Ale nie wszyscy mogą korzystać z jej właściwości. Pomimo wysokiej zawartości kwasu foliowego, ten owoc nie powinien znaleźć się w diecie ciężarnych kobiet, ponieważ, jak wskazują naukowcy, substancje znajdujące się w pestkach papai mogą wywoływać przedwczesne skurcze i tym samym mogą być groźne dla zdrowia matki oraz dziecka. Badania naukowców sugerują także, że nasiona papai mogą obniżać płodność u mężczyzn.

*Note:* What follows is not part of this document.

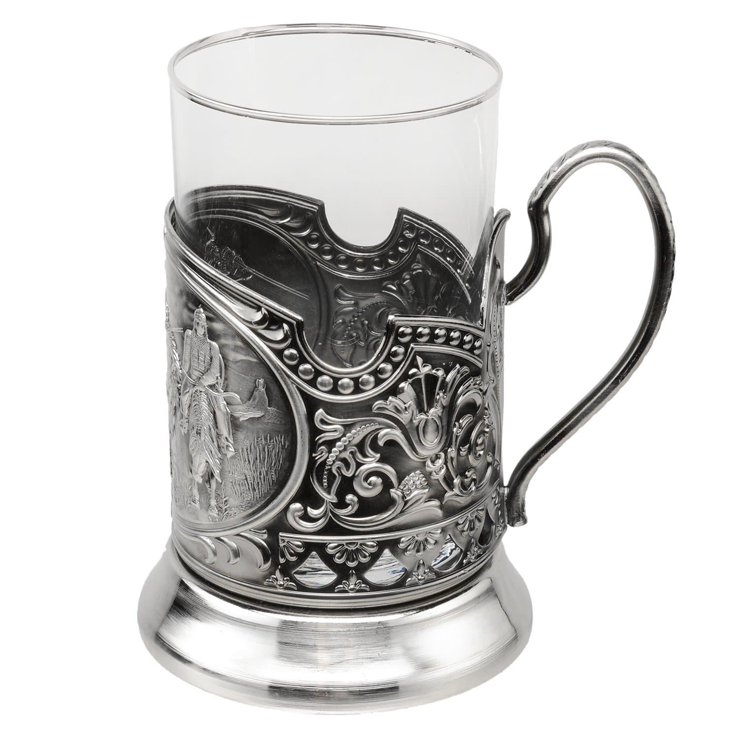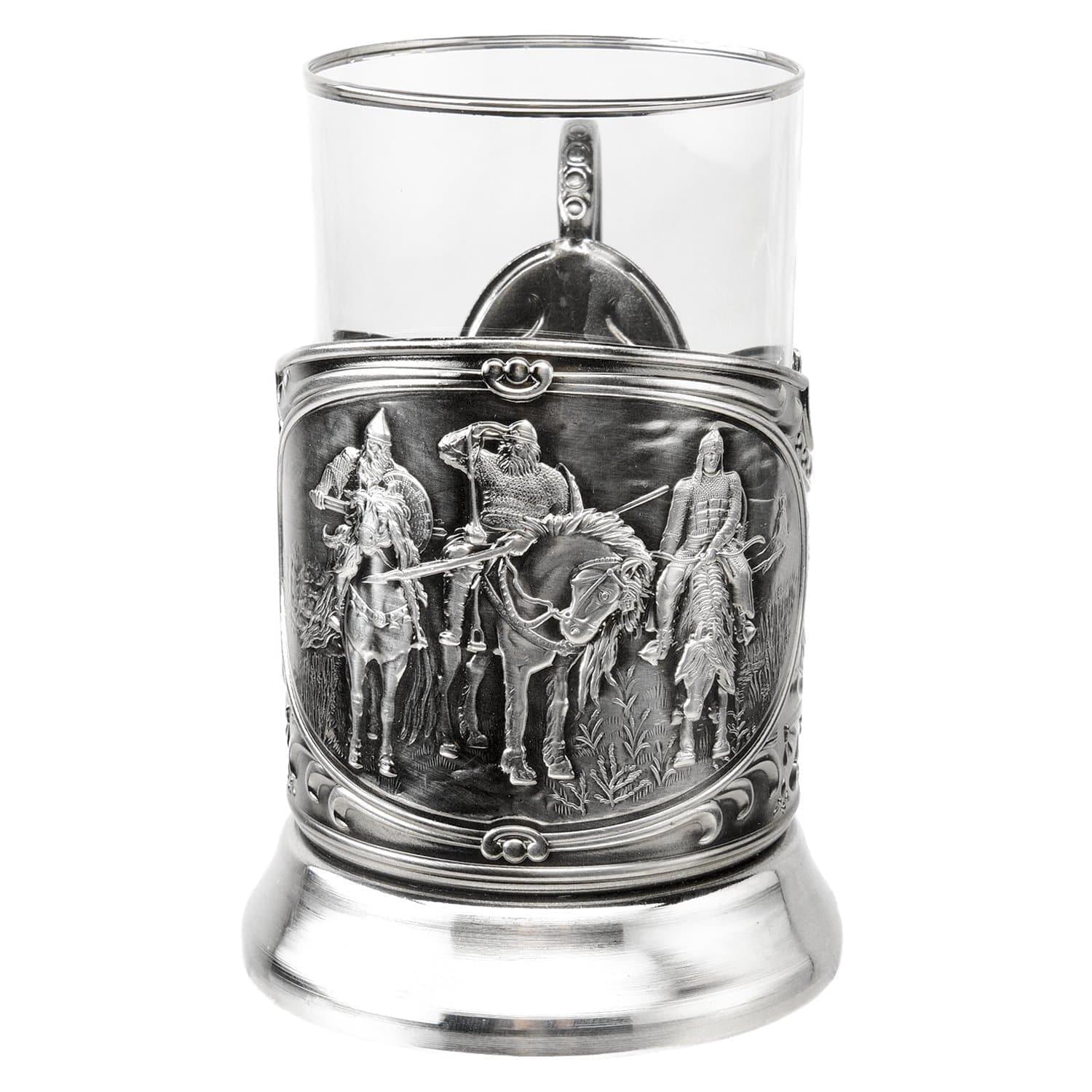 Легендарные герои русского народного героического эпоса, три богатыря изображены на корпусе подстаканника со стаканом. Три мужчины на коне атлетичного телосложения - символы мужественности и доблести. Подставку под стеклянный стакан, с ручкой, названную «подстаканником», традиционно используют в ж/д транспорте как элемент сервировки стола. Она появилась в российских пассажирских поездах в конце 19 века, когда Сергей Витте был директором Департамента железнодорожных дел Министерства финансов и министром путей сообщения Российской империи. Крупное производство подстаканников расположено в городе Кольчугино Владимирской области на заводе столовых приборов и посуды, который основал купец Александр Кольчугин в 19 веке как часть металлургической мануфактуры. Делаются изделия из мельхиора, латуни, меди и серебра. В качестве защитно-декоративного покрытия используются серебро, золото, никель. Чтобы придать подстаканникам рельефность и контрастность, мастера применяют технику чернения, затем полируют поверхность до блеска, многие работы дополнительно гравируют лазером, покрывают эмалью. Методом чеканки изготавливаются штампы для каждой подставки. Кстати, День работников нефтяной и газовой промышленности отмечается в России ежегодно в первое воскресенье сентября. .

Uwzględniając wyjątki, wielu konsumentów może z powodzeniem korzystać ze szczególnych walorów tego tropikalnego owocu.
Okazuje się, że w 100 gramach papai znajduje się zaledwie 43 kcal (179 kJ), a taka porcja dostarcza nawet 75 procent dziennego zapotrzebowania organizmu na witaminę C i około 10 procent zalecanej dziennej dawki witaminy B9, czyli kwasu foliowego, który bardzo korzystnie wpływa na układ nerwowy i funkcjonowanie mózgu, a także wspomaga trawienie oraz skutecznie zapobiega anemii.
Papaja zawiera również sporo, bo aż 6 proc. dziennej dawki magnezu, a to ważny pierwiastek dla osób żyjących w ciągłym stresie.
Za sprawą karotenoidów papaja zmniejsza ryzyko wystąpienia problemów ze wzrokiem, w tym najbardziej niebezpiecznego, zwyrodnienia plamki żółtej.
Owoc jest bogaty w polifenole, czyli związki chemiczne, które posiadają właściwości przeciwutleniające, a więc blokujące szkodliwe działanie wolnych rodników.
Z badań naukowców wynika, że wyciąg z papai ma działanie zatrzymujące rozwój komórek rakowych raka piersi.
Działanie antyrakowe papai nie jest uzależnione od ilości konkretnych antyoksydantów w niej zawartych. Naukowcy zapewniają, że papaja zawiera po prostu odpowiednie proporcje różnych związków chemicznych, które dopiero razem dają konkretny efekt.
Z innych badań wynika, że osoby stosujące dietę bogatą w beta-karoten, alfa-karoten i luteinę, czyli substancje zawarte w papai, są mniej narażone na ryzyko raka płuc.